SAM 3 and SAM 3.1 provide a comprehensive foundation for promptable image and video segmentation tasks. The primary use cases include: (1) open-vocabulary object detection and segmentation using natural language descriptions, (2) interactive video object tracking with text prompts and click refinement, (3) visual prompting through bounding boxes for exemplar-based segmentation, and (4) multi-object tracking at scale using the efficient Object Multiplex architecture in SAM 3.1.

Integration patterns typically involve: building a model or predictor using the appropriate builder function, setting up inference sessions for video processing, using `handle_request()` for single operations and `handle_stream_request()` for video propagation, and managing sessions with start/reset/close operations.
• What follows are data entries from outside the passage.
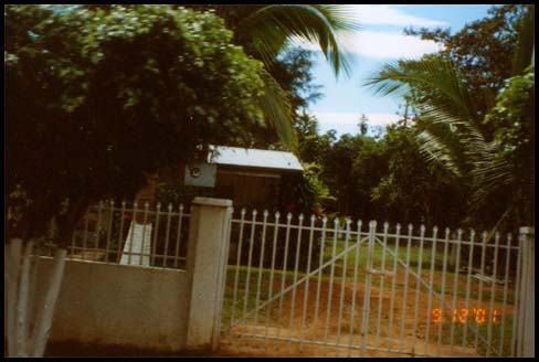 The first thing I noticed upon arrival in Costa Rica was the prevalence of bars around everything. Windows, doors, yards - they were all protected by bars of some sort or another. In one neighborhood close to our first hotel, Herradura, the expensive homes even had guards posted in the front yard. In the photo above, a lower-middle class home with a dirt driveway, an iron fence surrounds the entire yard.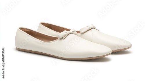 Elegant Cream Leather Ballerina Flats with Bow Detail: Perfect for a sophisticated and comfortable look.
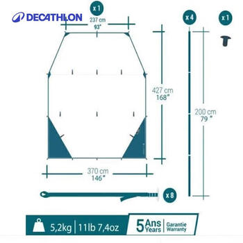 迪卡侬天幕遮阳篷防晒遮热遮光防雨Fresh象牙白加大适合8-10人-2963443

For production deployments, enable `compile=True` with SAM 3.1 for significant speedups, use Flash Attention 3 (`use_fa3=True`) on supported hardware, and leverage multi-GPU inference via `gpus_to_use` parameter. The session-based API ensures stateful tracking across video frames while providing flexibility for interactive refinement workflows.